Now, does that mean it's best for both of us to live together? Maybe. Maybe not.

Y'ever hear someone in an abusive relationship whine, "But I LOVE him!" Okay. I'll buy that. So what?

Let's accept that all of us, even abusive or cheating or drug-addicted or seriously mentally ill people, are guided by a divine higher self; that we are all doing the best we can at this moment, with the resources we have; that in the Great Pattern, we are all on the perfect path from who we are to who we are becoming. So, in the grand perspective, we are all worthy of being accepted and cherished just as we are. Yea. Somebody explain to me how it follows that any given person is required to subject themselves to the behavior of a specific somebody else?

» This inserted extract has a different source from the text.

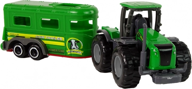 Tractorul are dimensiunile 8 × 4,5 × 4 cm, iar remorca 9 × 4 × 3 cm. Întregul ansamblu măsoară 17 × 4,5 × 4 cm și este ambalat într-o cutie de 21 × 7,5 × 5 cm. Jucăria respectă CE și standardul EN71 și este potrivită pentru copii de la 3 ani.
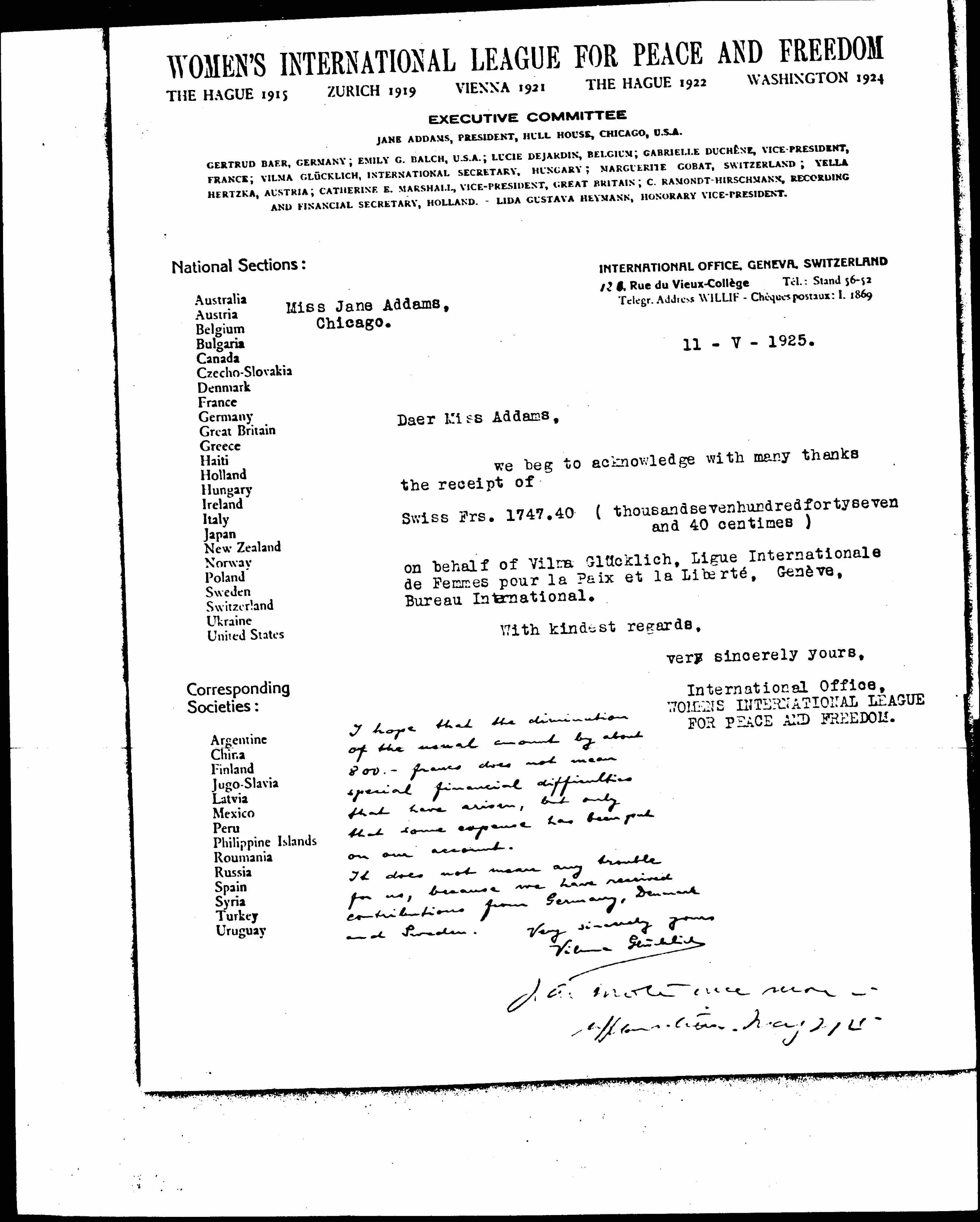 ↑I hope that the diminution of the usual amount by about 800. -- francs does not mean special financial difficulties that have arisen, but only that some expense had been put on our account.

Once empowered with the understanding that my feelings are entirely in my control and not dependent on your Feature Set, I then get to make choices about commitments; about working through problems together or moving apart.

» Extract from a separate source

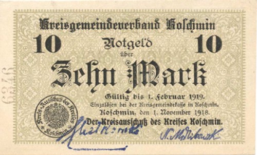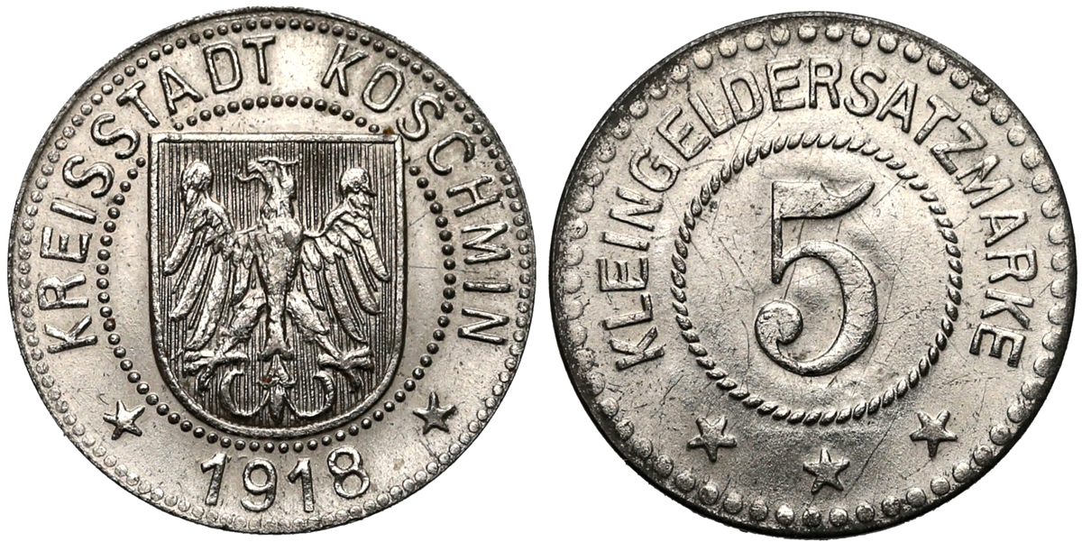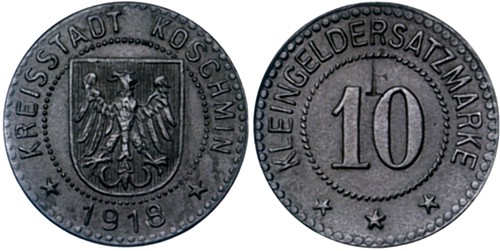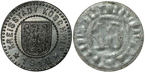 Wg Uchwały Rady Miasta Koźmina z 7 maja 1918 podjęta została decyzja o zamówieniu zastępczego drobnego pieniądza w firmie Christmann z Lipska w ilościach:
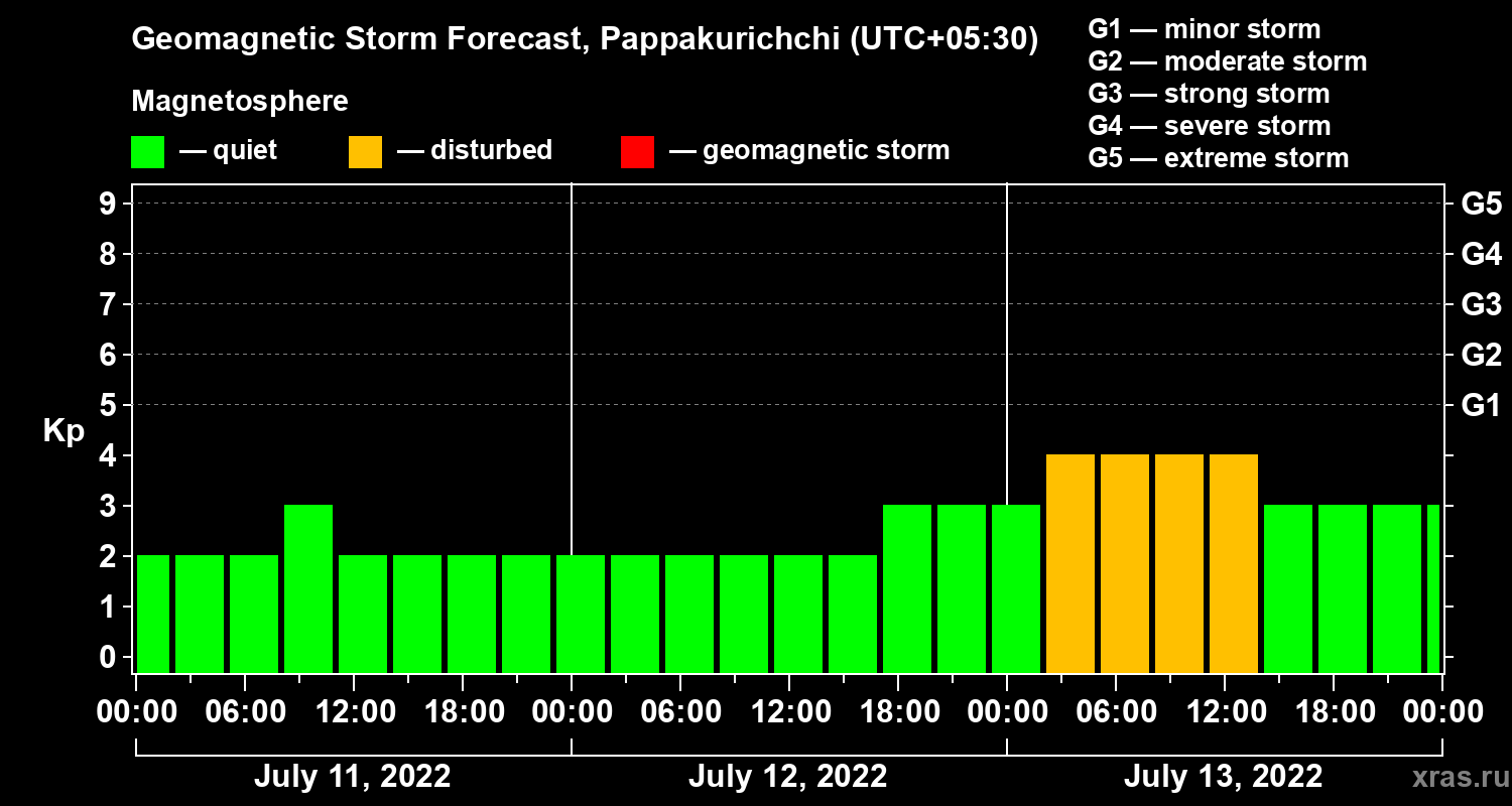 Geomagnetic storm forecast in Pappakurichchi for Jul 11, 2022

Very empowered. Not terribly "romantic"? What about that nifty, soaring "in love" kinda feeling? Sure, I still believe in that. But the fact is, it's a quantifiable biochemical process. We know what it is and how to create it.
(see part II, an accounna I tend to be verbose)

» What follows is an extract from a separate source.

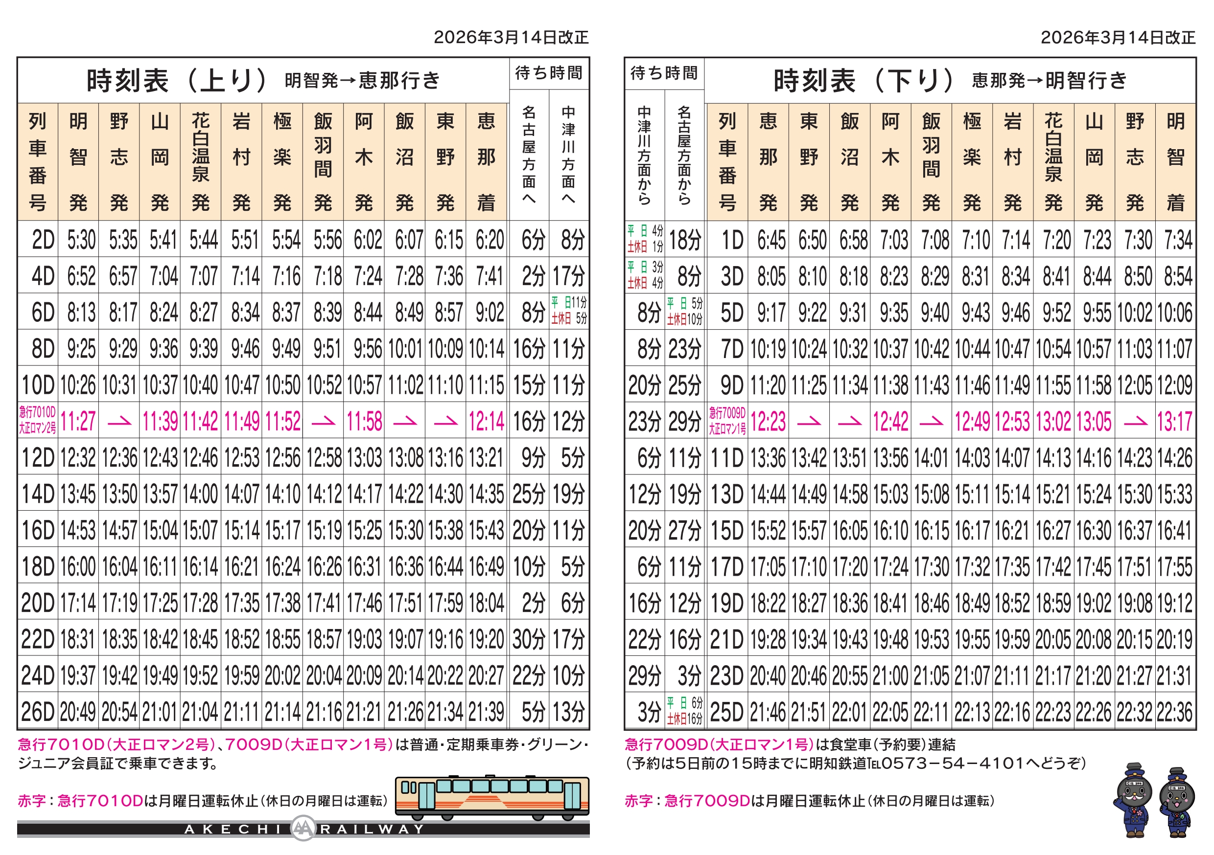 各駅での新ダイヤのポケット時刻表設置は3月9日を予定しております。

Re: Pt 1: what decides who loves whom?

Date: 2004-05-02 07:08 pm (UTC)
From: [identity profile] flwyd.livejournal.com
I certainly intended nothing resembling #2, so if I implied it, I'll blame my lack of sleep. I'll be the first to proclaim you can be in love but not together.

As for your other running theme of "my feelings are entirely in my control," history and art beg to differ. Even though it would often be extremely beneficial, most people have trouble deciding to start or stop being in love with someone. It doesn't seem to be the sort of thing we have conscious control over. I'll certainly argue that emotions are under a person's control, but those controls usually take the form of biochemical processes, deep and ancient psychological instincts, and learned non-conscious reactions. But if people had much control over their emotion of love, there would be a lot less whiny country music.

The problem of personal identity is this: Unconditional love is the idea that person X will love person Y no matter how person Y changes or what person Y does. But if everything changes about person Y -- from personality to gender to appearance to memories to position in the world -- is it really the same person?